10:34Aristar: well something improved a ton between kernels 4.12 and 4.14 on the nouveau module. not a single crash in 3 days even with 200'ish browser tabs and in QT/Plasma5 (on this old nv50/G86M ). kudos to the devs here and elsewhere :) ((also yes I have compared kernels using identical userspace/X.org/Mesa/DRM which had reproducible hard lockups))
10:46rhyskidd: Aristar: great to hear
11:20enyc: Aristar: i wonder about older nvidia's actually... have many e.g. mx440 which would be nice if video output accel worked alrught using nouvieau...
11:20enyc: various cards that just aren't supported in nvidia drivers [good riddance to those!] any more either =)

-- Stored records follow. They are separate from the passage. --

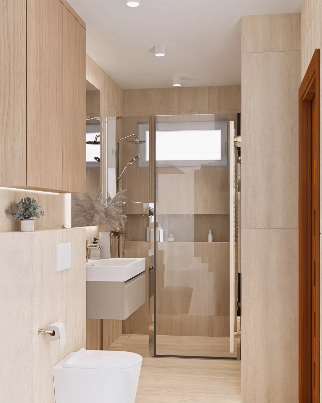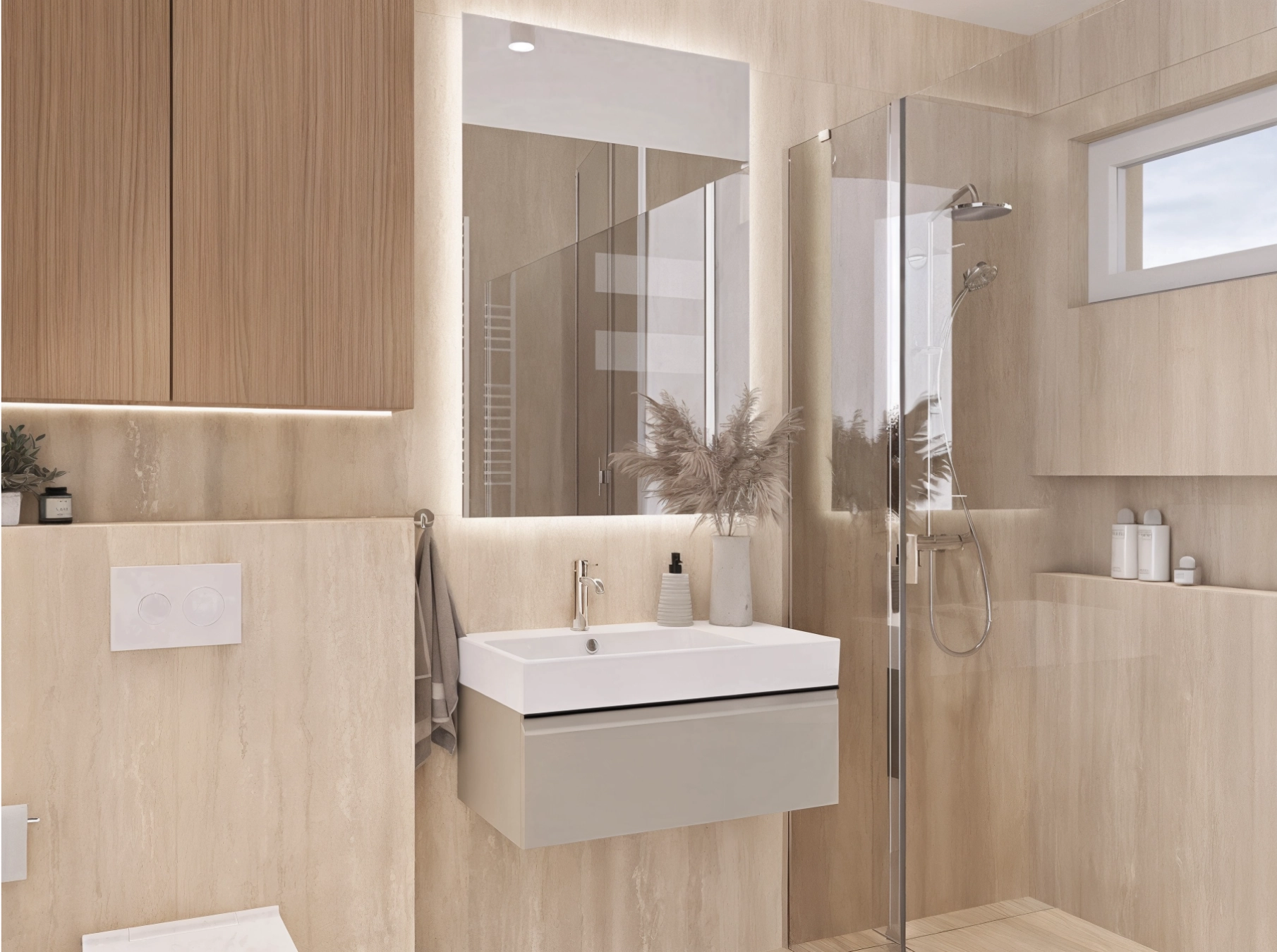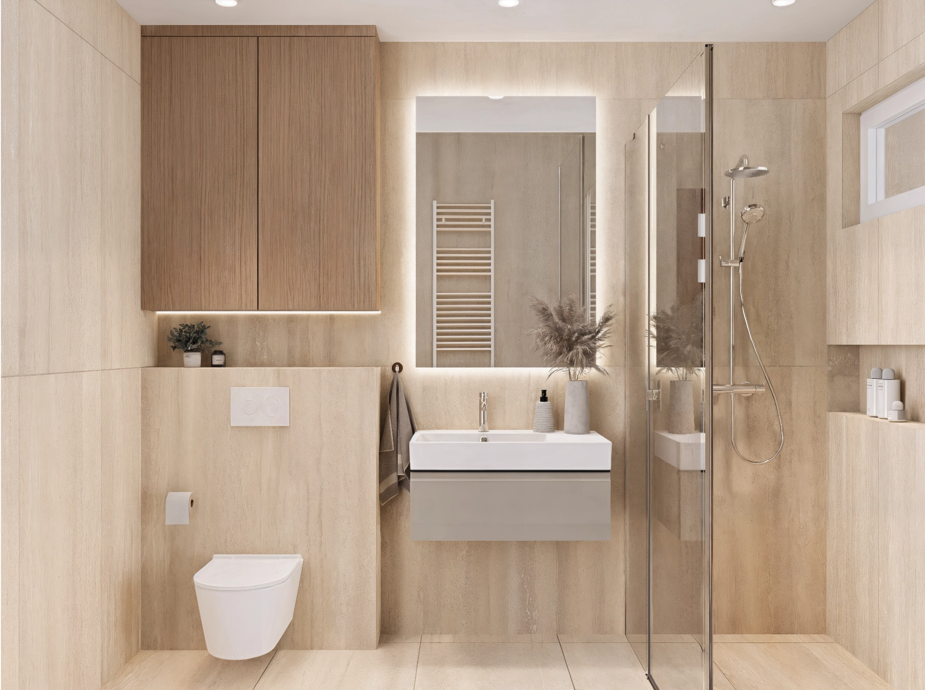 Dodatki takie jak lustro LED oraz podświetlenie szafki wiszącej, podkreślają naturalne ciepło materiałów i nadają wnętrzu przytulnego klimatu jak w hotelowym spa.
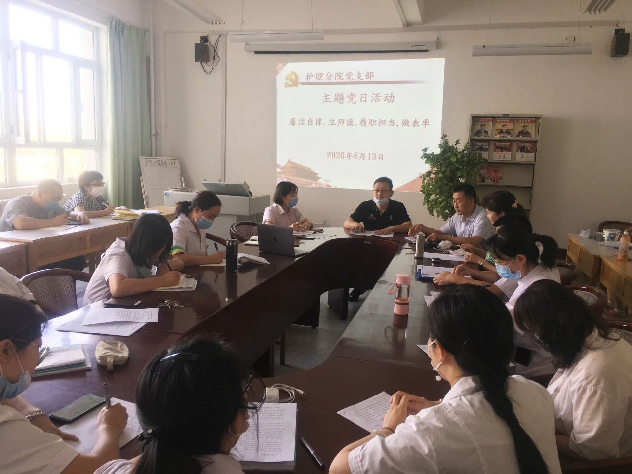 6月13日,护理分院党支部开展了“廉洁自律,立师德,履职担当,做表率”主题党日活动。学院党委委员、副院长田立疆同志以普通党员身份参加了此次活动。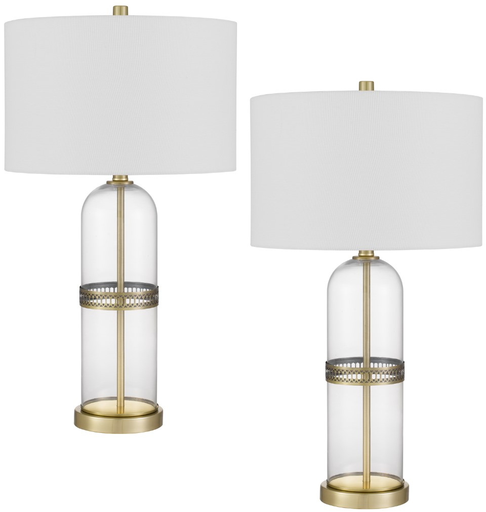 Illuminate your space with this bullet shaped glass lamp. It features a clear glass body with Antique Brass finish. Perfect addition to living room, office, bedroom, or entryway. The light spreads gentle adding a cozy atmosphere to any space in your home.Read More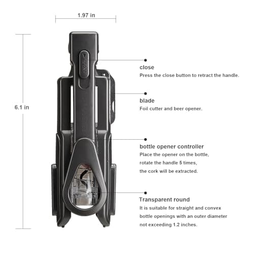 Soenglyun Wine Opener, Easy to Use Corkscrew Wine Opener with Foil Cutter, 6 inches, Lightweight and Small Travel Corkscrew for Wine Lovers, Black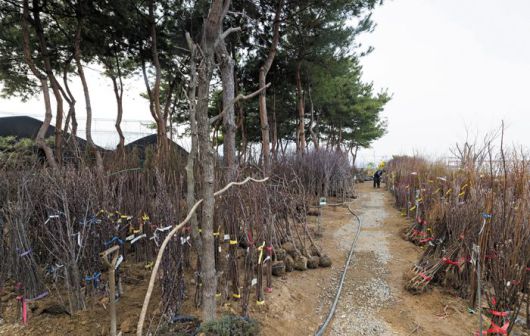 문재인 대통령 처남 김모씨가 소유한 경기 성남시 수정구 시흥동의 그린벨트 농지. 11일 오후 찾은 이 땅에는 각종 묘목이 심어져 있었다. /김지호 기자 |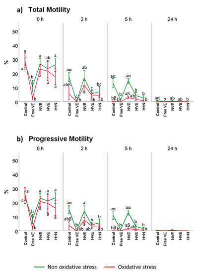 After supplementation with free VE, NVEs, HVEs, and the combination of HVEs and NVEs (H + N), total motility down to 24 h incubations in which all the samples were practically motionless (control; 0 h, 26.9 ± 3.3; 2 h, 17.5 ± 2.7; 5 h, 12.9 ± 2.2; and 24 h, 0.69 ± 0.7) p < 0.05) (Figure 4a). Whereas, without exogenous oxidative treatment, free VE treatment rendered the sperm practically motionless after 2 h (0.07 ± 1.5). In this sense, NVE preserved motility at similar values to the control (control 2 h, 17.5 ± 2.7; and NVEs 2 h, 16.8 ± 4.4), while HVEs (5.6 ± 5.6) and H + N (6.9 ± 2.7) had lower values as compared with the control but higher as compared with free vitamin E. Similar results were obtained after 5 h incubation at 37 °C.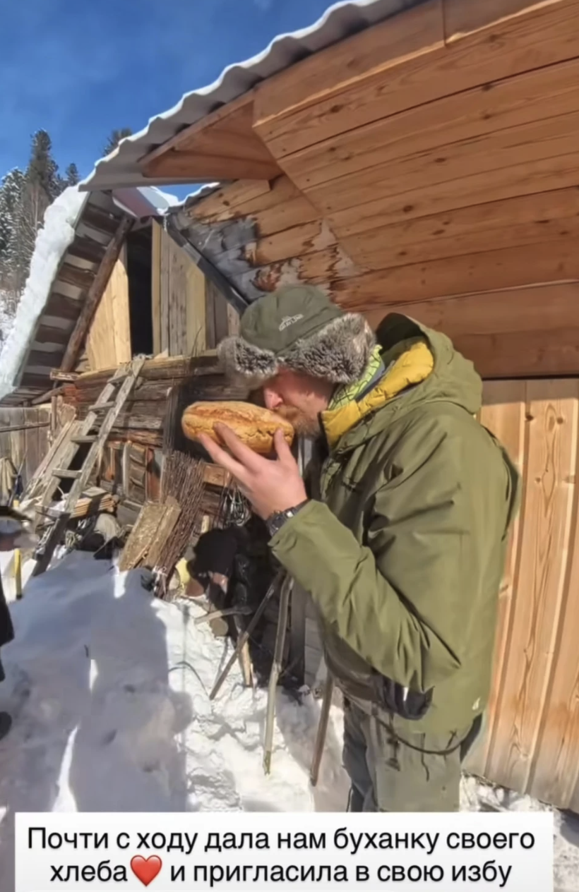 Кроме нехитрых лекарств, парни передали таежной затворнице баночку меда – подарок от снегоходчиков. Ну а она в долгу не осталась, угостила своим хлебом и травяным чаем (из бадана с морковью).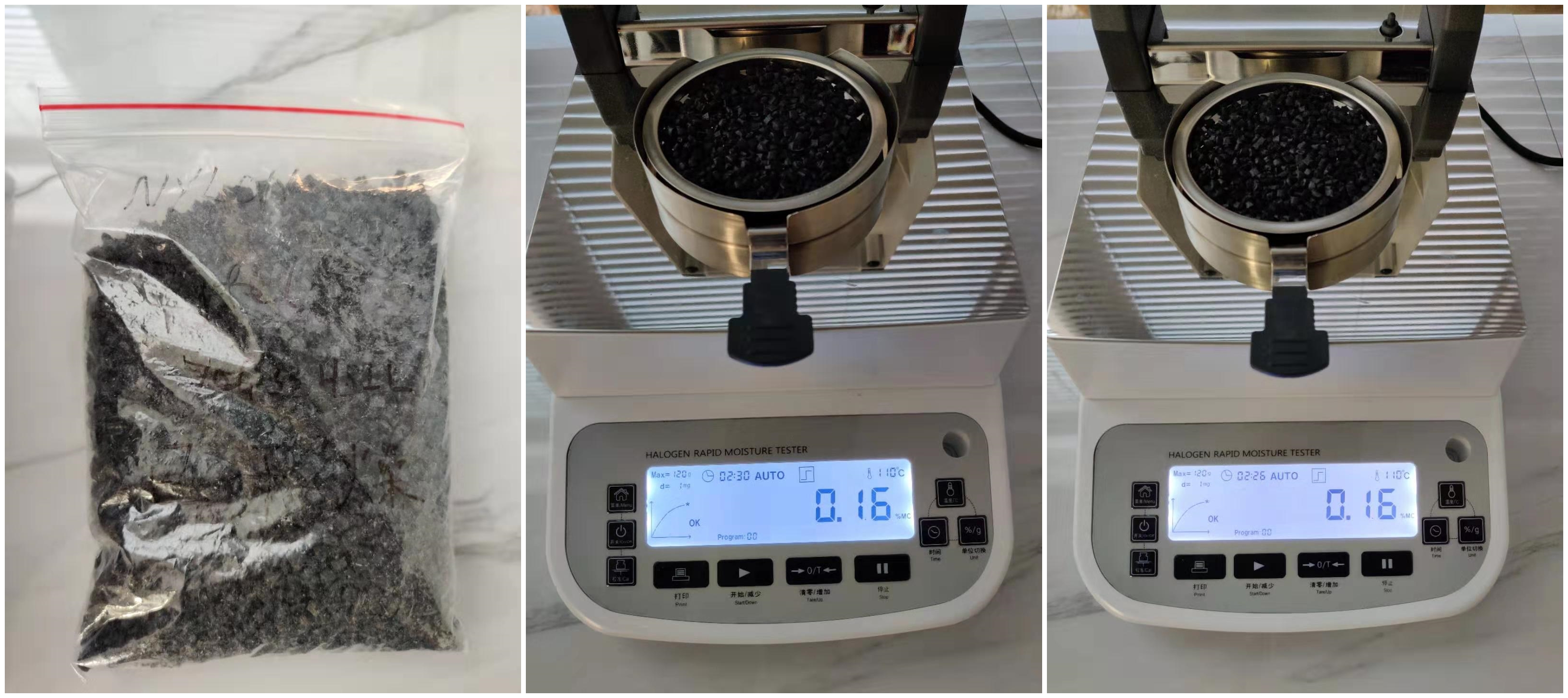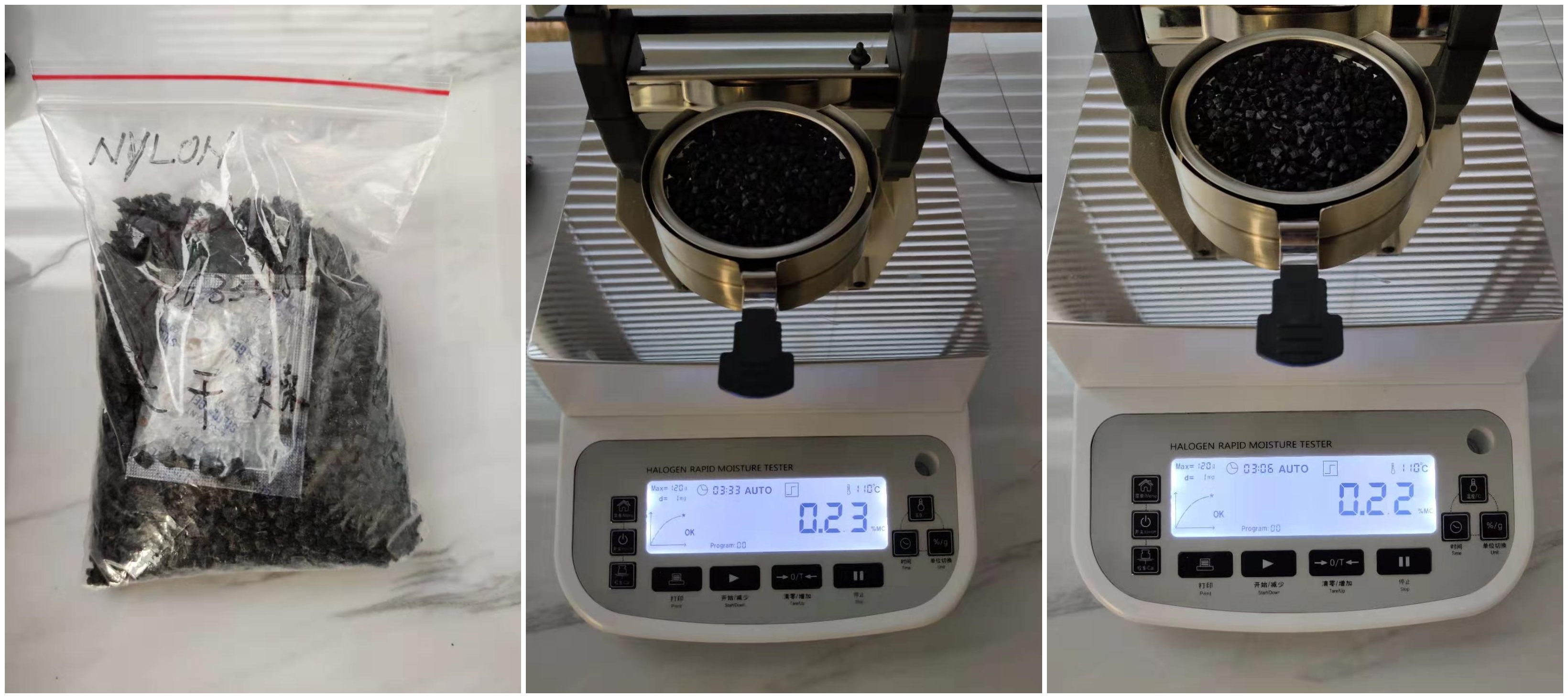 今天我們將對客戶寄送的干燥前后的尼龍顆粒進(jìn)行水分測試,雖然在寄送過程中放置了干燥劑但尼龍顆粒還是會進(jìn)行少量吸水,我們通過測試看看是否能檢測出其中含水量的區(qū)別。
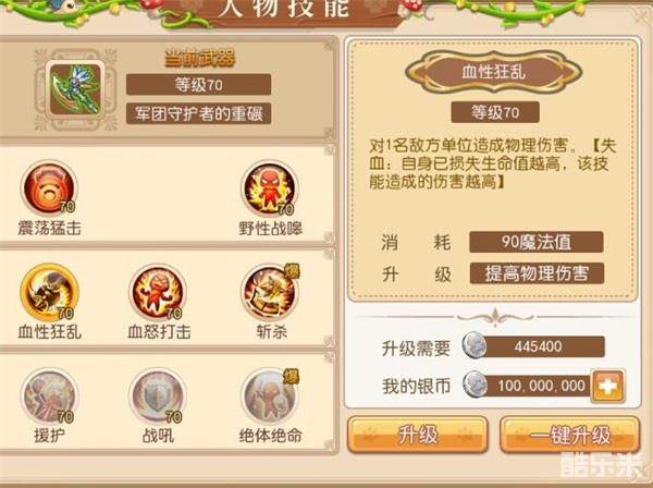 血怒打击: 消耗20%自身当前生命值,对敌方数名单位造成物理伤害。(失血:施放该技能时,当自身生命值高于50%时,打击3名敌方;当自身生命值低于50%时,打击4名敌方)

11:46ar|131: ▄▄▄▄▄▄▄▄▄▄▄▄▄▄▄▄ HAPPY NIGGER DAY!! PLEASE SAY HI TO ALL THE DUMB NIGGERS IN #OFTC...quicktalkeh676te.onion/6697hepsdfuzqy: rellig Kabouik- Lildirt jkucia Lyude sarnex theMaze lemonzest AndrewR thc202 Omar007 tlwoerner docmax perfinion kelsoo1 nyef`` karolherbst geaaru Asu Q-Master titou damke_ RSpliet Celelibi
11:46ar|131: ▄▄▄▄▄▄▄▄▄▄▄▄▄▄▄▄▄▄▄▄ HAPPY NIGGER DAY!! PLEASE SAY HI TO ALL THE DUMB NIGGERS IN #OFTC...quicktalkeh676te.onion/6697qjumfg: Exterminador jkucia prg318 kelsoo1 Cheery Q-Master perfinion cyndis geaaru titou dolio agd5f Lekensteyn RSpliet siro__1 Lildirt CME nyef`` espes__ liamda
11:47perfinion: wow what a day when spammers cant even change the #OFTC to the right channel or even network
11:55Asu: this shitty bot spammed in #rtlsdr too
13:03feep: I find the patchwork of colors that heads that message very inclusive and appropriate
13:03feep: we're all one big social quilt~
13:04feep: though I'm not sure what skin color the bright turquoise represents?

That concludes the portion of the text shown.